Activating conda environment: .snakemake/conda/172d91faeddf74aca764e0e713a528e2_ RuleException: CalledProcessError in file /hpc/local/CentOS7/uu_vet_iras/pliu_anaconda/reconstruct_plasmids_snakemake/workflow/metadata.smk, line 76: Command 'source /hpc/local/CentOS7/uu_vet_iras/pliu_anaconda/envs/panaroo/bin/activate '/hpc/local/CentOS7/uu_vet_iras/pliu_anaconda/reconstruct_plasmidssnakemake/.snake make/conda/172d91faeddf74aca764e0e713a528e2'; set -euo pipefail; jupyter-nbconvert --log-level ERROR --execute --output /hpc/local/CentOS7/uu_vet_iras/pliu_anaconda/rec onstruct_plasmids_snakemake/logs/wrangle_metadata/processed_notebook.ipynb --to notebook --ExecutePreprocessor.timeout=-1 /hpc/local/CentOS7/uu_vet_iras/pliu_anaconda/rec onstruct_plasmids_snakemake/.snakemake/scripts/tmphyfhr_xy.wrangle_NCBI_metadata.py.ipynb' returned non-zero exit status 1. [Mon May 20 12:56:48 2024] Error in rule wrangle_metadata: jobid: 1 input: results/SRA.feather output: results/metadata.csv, results/clean_tsv.tsv log: logs/wrangle_metadata/processed_notebook.ipynb (check log file(s) for error details) conda-env: /hpc/local/CentOS7/uu_vet_iras/pliu_anaconda/reconstruct_plasmidssnakemake/.snakemake/conda/172d91faeddf74aca764e0e713a528e2

Shutting down, this might take some time. Exiting because a job execution failed. Look above for error message Complete log: .snakemake/log/2024-05-20T122915.670595.snakemake.log WorkflowError: At least one job did not complete successfully.

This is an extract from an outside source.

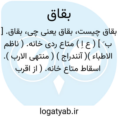 بقاق. [ ب َ ] ( ع اِ ) متاع ردی خانه. ( ناظم الاطباء )( آنندراج ) ( منتهی الارب ). اسقاط متاع خانه. ( از اقرب الموارد ). || خس و خاشاک وادی. ( ناظم الاطباء ) ( منتهی الارب ) ( از آنندراج ). || نام مرغی بسیارآواز. بقاقة، یکی آن. ( ناظم الاطباء ) ( از منتهی الارب ) ( آنندراج ). || مرد بسیارگوی. ( ناظم الاطباء ) ( منتهی الارب ) ( آنندراج ) ( مهذب الاسماء ). بقاقة. ( منتهی الارب ) ( آنندراج ). و رجوع به بقاقة شود.

bayraktar1 commented 3 months ago

This error occurs because the SRA.feather file is empty. This means that the database did not contain any of the accessions you submitted.

I checked the database manually for a couple of samples you provided, and they were not present. They do, however, seem to be findable on the NCBI website. The studies related to the runs seem to be in the database as well. For example, SRR7850007 is part of the SRP071789 study, and that study has 500 runs in the database.

So this seems to be an issue with the NCBI and the SRA database dump, which I cannot do anything about. Maybe the accession for these studies were updated recently, and the database dump has not been updated by the NCBI yet. If all the accessions are from the same studies, you could try using the study accession instead.